Традиции и авангард. Выпуск № 1
© Интернациональный Союз писателей, 2019
Предисловие. Роман Сенчин
Рискнём
Уже много лет – с постперестроечных времен – раздаются голоса, что литературные журналы никому не нужны и не интересны, это некий атавизм и анахронизм, что их вообще нужно закрыть.
«Посмотрите на микроскопические тиражи, на практически нулевой резонанс, на эту допотопную вёрстку, на возмутительно редкую периодичность – раз в месяц! – в век Интернета».
Журналы теряют не только читателей, но и авторов, предпочитающих издательства с их быстротой выпуска в свет отдельных книг и коллективных сборников, более или менее ощутимыми гонорарами.
Литературные журналы загибаются, это очевидно.
В такой атмосфере появление нового литературного журнала можно считать безумием.

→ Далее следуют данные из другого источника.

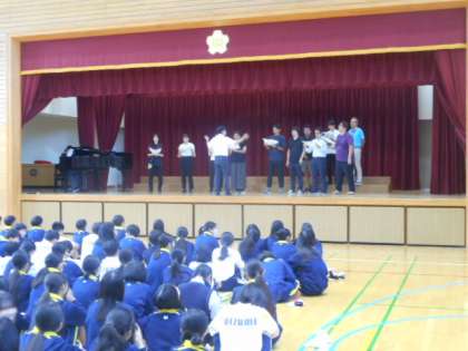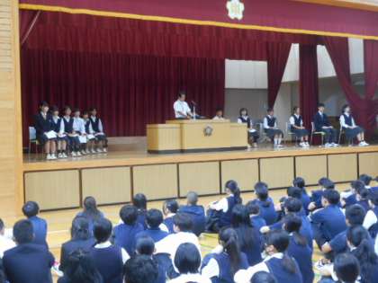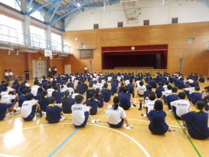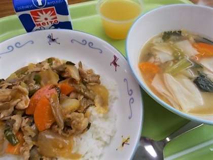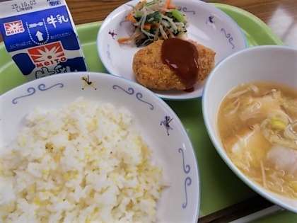 NTT東日本からは、川前監督、堀川監督補佐を始め、緑川選手・武井凛選手・柴田選手・山下選手・山田選手・田中選手・鈴木選手・山北奈選手の10名で多くの方が日本代表である豪華メンバーで指導にいらっしゃいました。 基礎打ちを始め、NTT東日本の練習メニューも体験させてもらいました。練習の後には、選手対生徒のチャレンジマッチも体験させていただきました。 終始笑顔で対応していただき、その中にためになるアドバイスもたくさん入れていただき、夢のような3時間でした。 企画してくださった明治安田生命、指導してくださったNTT東日本の選手の方々、見学していただいた多くの保護者の方に感謝申し上げます。 この経験を、次の大会に生かせるように今後の練習に励んでいきます。 ![]() ![]() ![]() ![]() ![]() ![]() 9月30日(火)の献立![]() ![]() コチュジャン丼の「コチュジャン」は、韓国でよく使われる甘辛い味が特徴の調味料です。材料に唐辛子も使われているため、赤みを帯びた色をしています。韓国では日本でいうしょうゆのように日常的に使われている調味料だそうです。主な材料はもち米麹で、唐辛子の粉や塩などで調味し発酵熟成させて作られます。 ゼリーはすりおろしりんごとりんごジュース、砂糖、水、アガーを煮て冷やして固めて作りました。すりおろしたりんごのつぶつぶ食感が感じられます。 第2学年マナーアップ講座より![]() ![]() ![]() ![]() ![]() ![]() 9月29日(月)の献立![]() ![]() 今日の主菜は肉じゃがコロッケです。コロッケは元々フランス料理の「クリケット」からきたといわれています。クリケットは、「クロッケー」というスポーツに使う道具に形が似ていることと、フランス語でカリカリしたものという意味の「クロッカー」から名付けられたそうです。ただ、フランス料理のクリケットはホワイトソースを使ったもの(日本でいうクリームコロッケ)で、日本のようにじゃがいもを使ったものではないので、日本のコロッケは日本生まれのものです。今日はソースをかけて食べました。 合唱コン練習始まる![]() ![]() ![]() ![]() ![]() ![]() 修学旅行3日目5
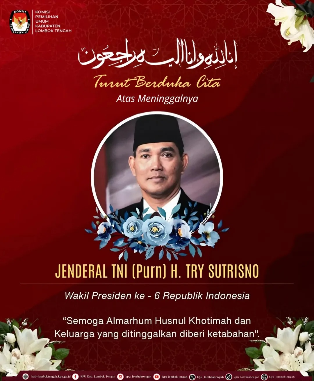 Keluarga besar KPU Kabupaten Lombok Tengah Mengucapkan Turut Berduka Cita Atas Meninggalnya Bapak Jenderal TNI (Purn.) H. Try Sutrisno, Wakil Presiden Ke-6 Republik Indonesia
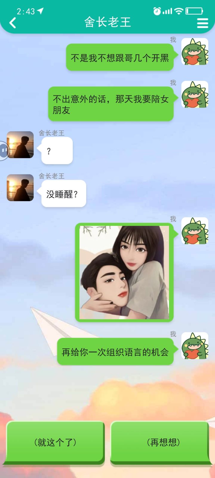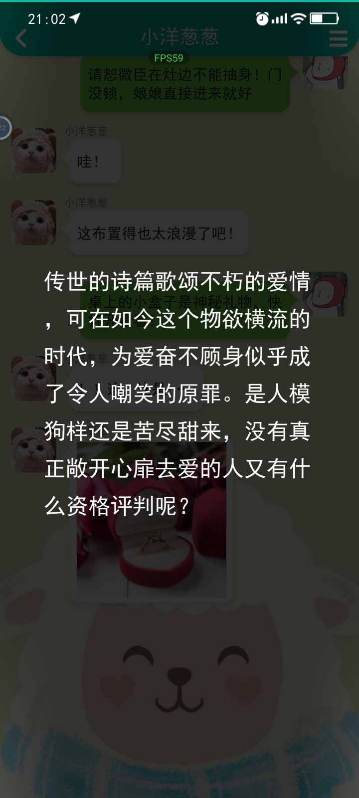 一下午把这个游戏玩通关了,看的广告有一些但不算多,开始我以为这种游戏就是聊天,当舔🐶的过程,实际上并不是。它讲述了一个男生和一个女生从谈恋爱到最终修成正果所经历的种种困难,他们都没有放弃,双方的坚持才能有最终美丽的结局,挺有意义的。(开始讲细节噜,有大量剧透!)
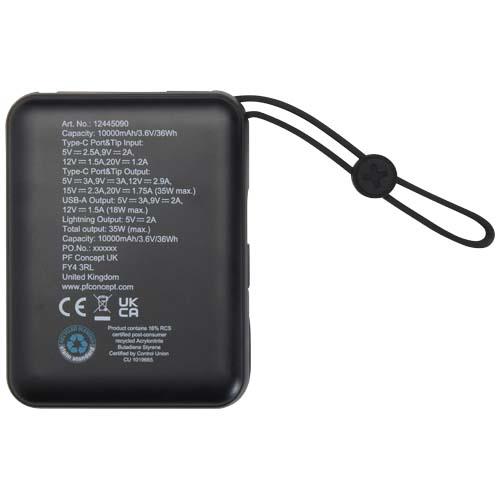 Acrux powerbank do tabletu o pojemności 10 000 mAh i mocy 35 W z wbudowanym kablem typu C – wykonany z tworzyw sztucznych poc
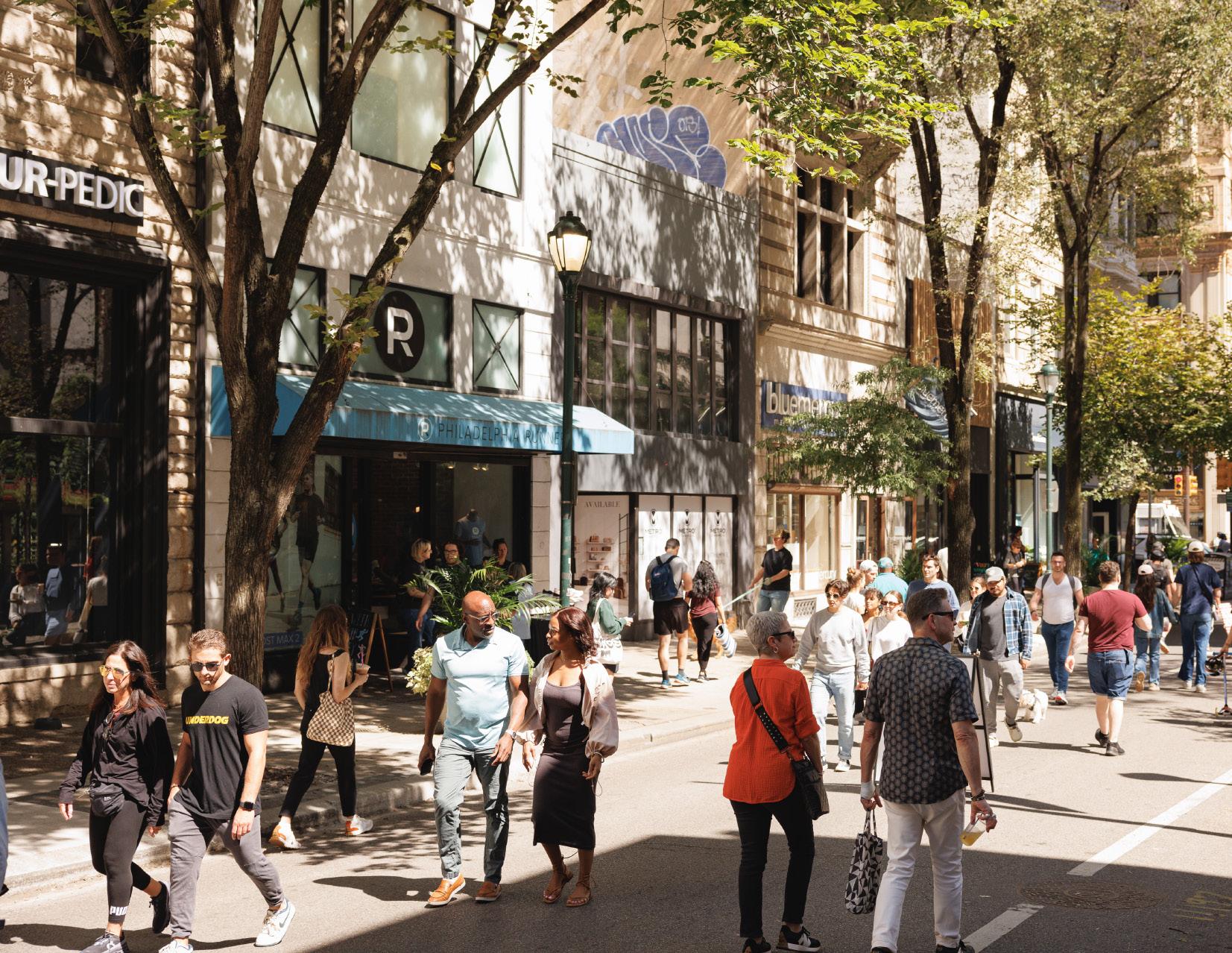 The area’s retail mix has evolved dramatically in recent years, as digitally native brands have responded to Center City’s rapid population growth which has resulted in a larger and younger population with more spending power than ever before. The area is singular among Philadelphia’s commercial corridors, competing directly with the broader region’s major shopping destinations (King of Prussia, Suburban Square, Cherry Hill) rather than
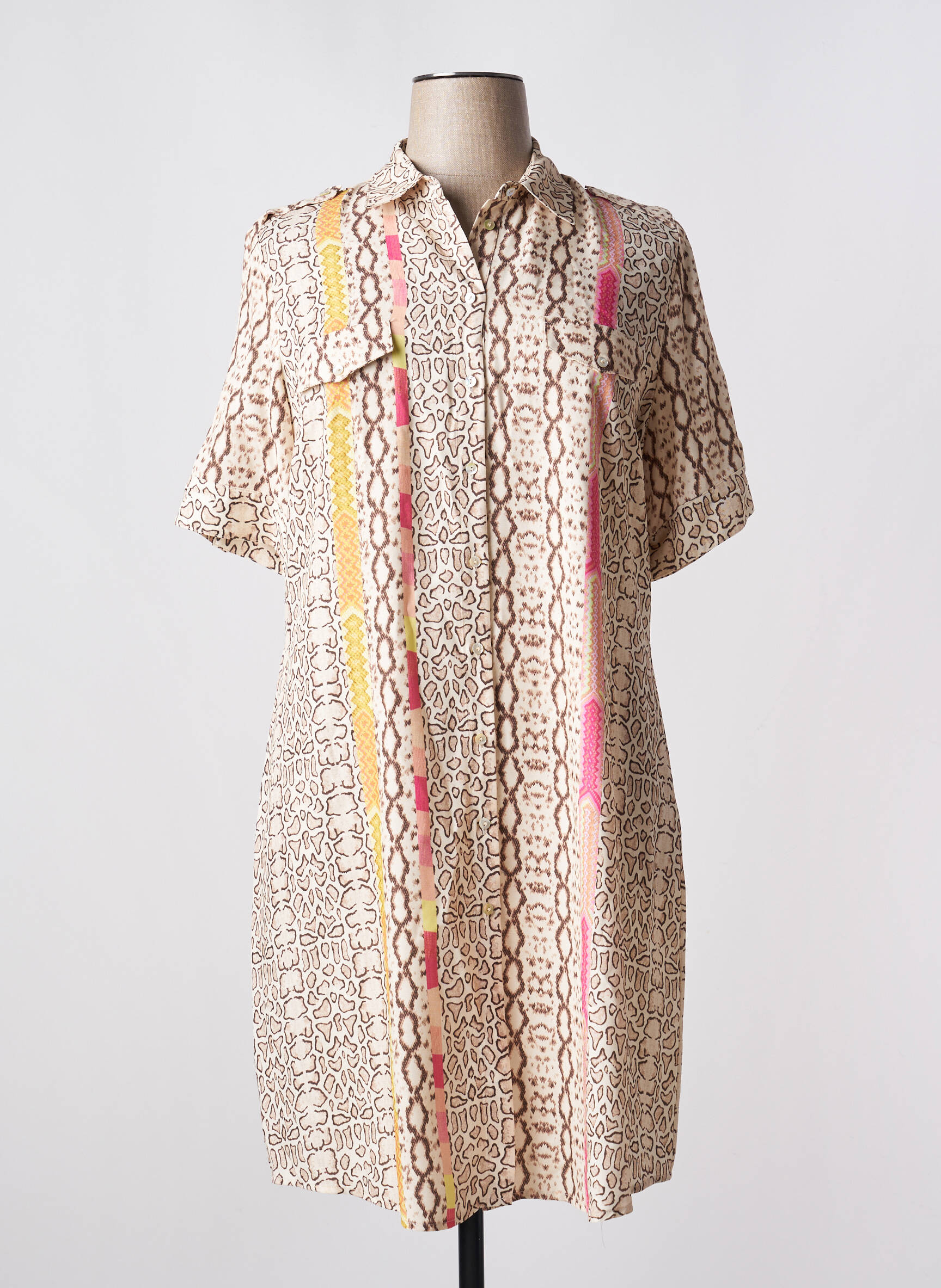 Rochie Midi Fuego Woman Bej Mâneci Scurte
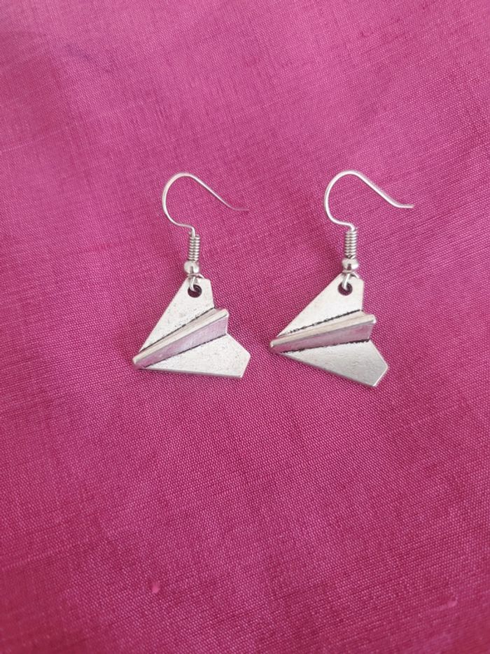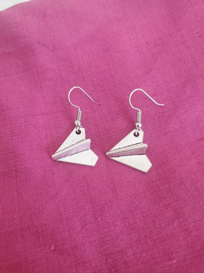 Boucles d'oreilles pendante argentée originale style avion en papier - photo numéro 1

Но мы рискнем.
Этот безумный поступок имеет, как нам кажется, вполне здравые мотивы.
Во-первых, движение русской литературы со времен Сумарокова, Фонвизина, Новикова определялось литературными журналами. Так происходит и сегодня.
Абсолютное большинство ныне известных писателей дебютировало именно в журналах, только там можно найти большие обзорные и аналитические статьи о современной литературе. «Журнал» в переводе с французского – «дневник». Литературный журнал – это дневник происходящего в нашей словесности.
Можно возразить, что настоящие дневники – это ежедневные интернет-издания. Но они своего рода ворох отдельных листов, в которых почти невозможно ничего понять, разобраться. Дневник – это все-таки некая последовательность, своего рода книга. Недаром раньше каждый номер журнала называли «книжкой».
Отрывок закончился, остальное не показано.